18. That the aforesaid judgment of the Supreme Court in P.N.
Natarajan & Ors. (supra) was considered by the Supreme Court in its
later opinion in the case reported 2013 (12) SCC 433 Union of India &
Ors. vs. Shri Bhanwar Lal Mundan, wherein the Supreme Court has
held as under:-
"17. The aforesaid conclusion was arrived at as the Union of India as such could not have invoked the terms of the memorandum of settlement to justify the directives and retiral benefits payable to the respondents. The
aforesaid decision has to be read in the context of its facts and not to be construed as a precedent for the proposition that if the pay has been erroneously fixed that cannot be revised even if the facts are absolutely clear and undisputed."
19. From the above, it is clear that the Supreme Court in Shri
Bhanwar Lal Mundan's (supra) has held that its decision in P.N.

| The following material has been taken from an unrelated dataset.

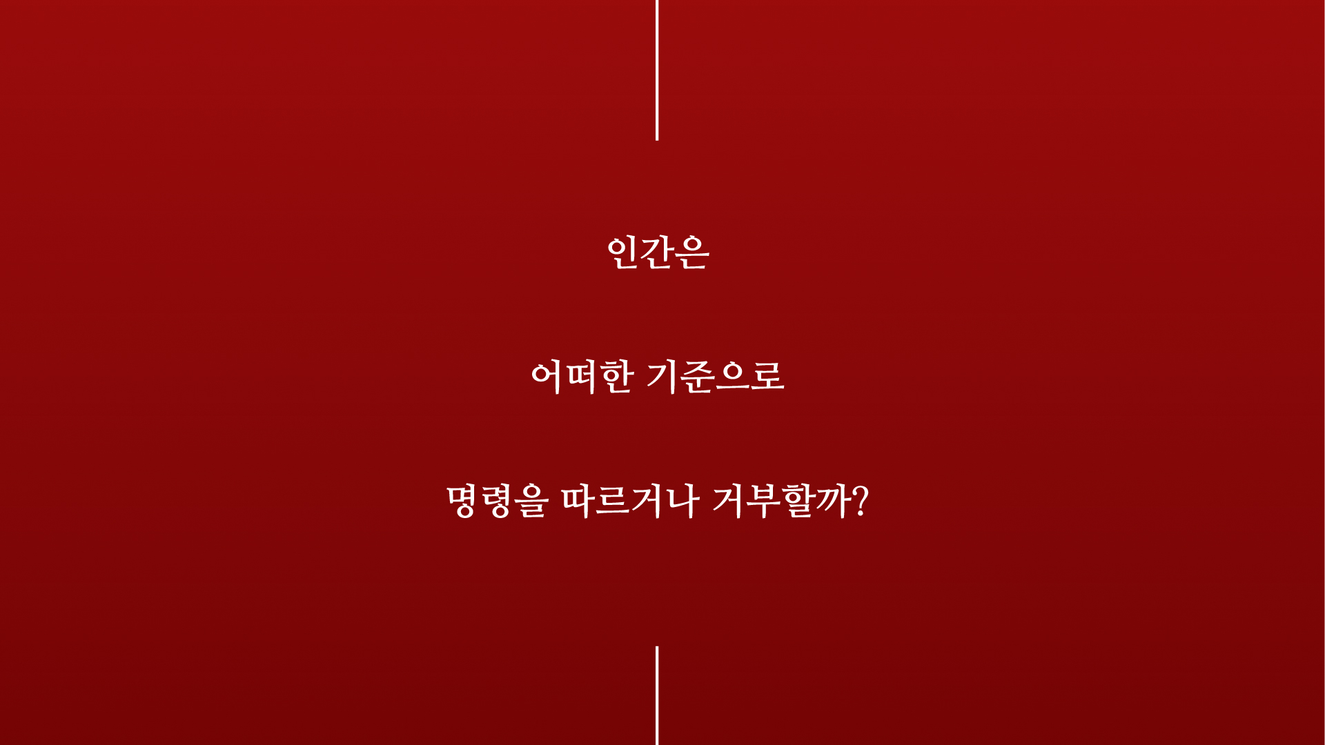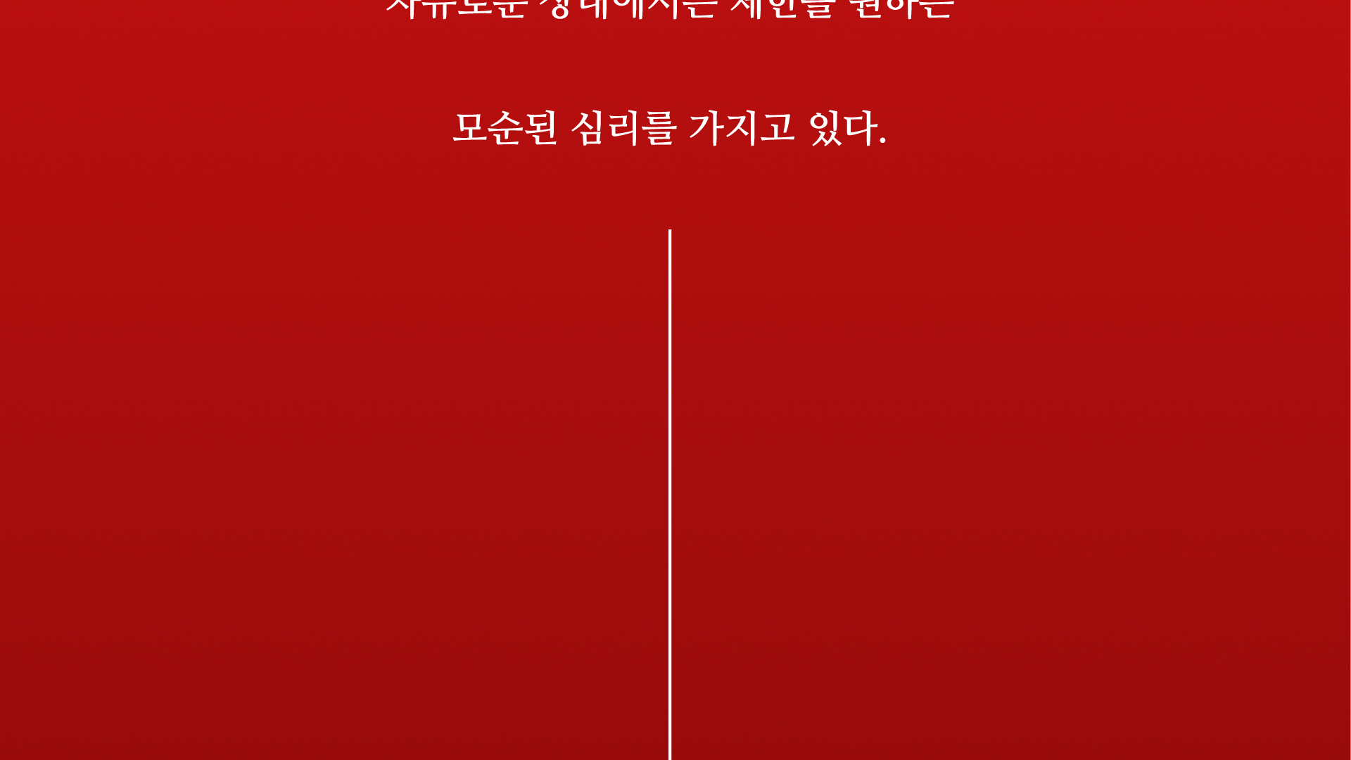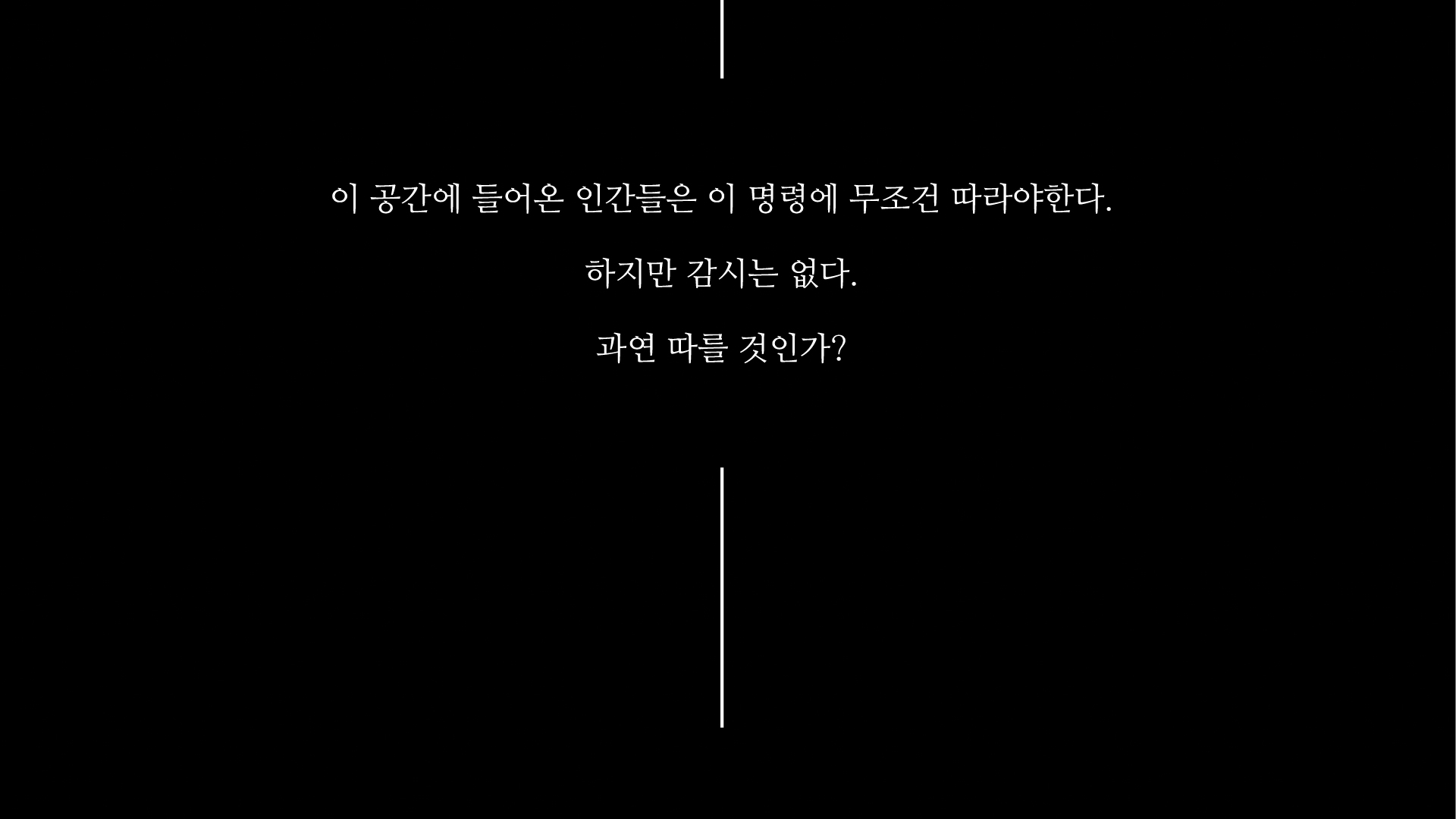 “WHY NOT ?”은 인간의 반대 심리를 실험하기 위해 설계되었다. 이 공간에서는 [ 벽을 밀다가 사람을 마주치면 그 자리에서 누워 자야 하고, 잠든 사람을 보면 깨워야 한다. ]는 명령을 반드시 따라야 한다. 감시는 없으며, 인간들은 매 순간 선택을 한다. 그 선택은 수백, 수만 가지 결과로 이어지며, 결국 각자의 본능과 마주하게 된다.

Natarajan & Ors. (supra) has to be read in the context of its facts and
not to be construed as a precedent for the proposition that if the pay has
been erroneously fixed that cannot be revised even if the facts are
absolutely clear and undisputed. In the present case, except the fact that
the petitioner was not given a show cause notice before revising the
pension, it is not in dispute that the petitioner was not entitled to the
benefit of Regulation 26 of the Pension Regulations, 1995. Even if a
direction is given to issue a show cause notice to the petitioner in
compliance with the principles of natural justice, the same would be an
empty formality inasmuch as in view of the conclusion of this Court that
the petitioner was not entitled to the benefit of Regulation 26. The
benefit having been given under a mistake, which is sought to be
rectified by the respondent Nos.2 & 3, no fault can be imputed to such an
action. It is a conceded case of the parties that the respondent Nos.2 & 3
even though revised the pension but had not effected the recovery of the
excess amount paid to the petitioner, which this Court is of the view
rightly so when the petitioner was not at fault to get the higher pension
on the basis of extra-qualifying service of 5 years added to his actual
service.
20. In view of the above, I am of the view that the reliance placed by
the petitioner in the case of M.L. Mehta's (supra) would also be of no
benefit to the petitioner.
21. I note for benefit the following conclusion of the Supreme Court
in Shri Bhanwar Lal Mundan's (supra):-
"22. In the case at hand, as stated earlier, the respondent was getting higher scale of pay in the post while he was holding a particular post as a deputationist. After his repatriation to the parent cadre on selection to a higher post he was given higher scale of pay as it was fixed keeping in view the pay scale drawn by him while he was working in the ex-cadre post. Such fixation of pay, needless to say, was erroneous and, therefore, the authorities were within their domain to rectify the same. Thus analysed, the irresistible conclusion is that the tribunal and the High Court have fallen into error by opining that the respondent would be entitled to get the pension on the basis of the pay drawn by him before his retirement."
22. In view of the discussion above, I am of the view that the
petitioner is not entitled to any relief as prayed for in the petition. The
writ petition is dismissed. No costs.
CM No.16544/2013
In view of the order passed in the writ petition, the present
application is dismissed as infructuous.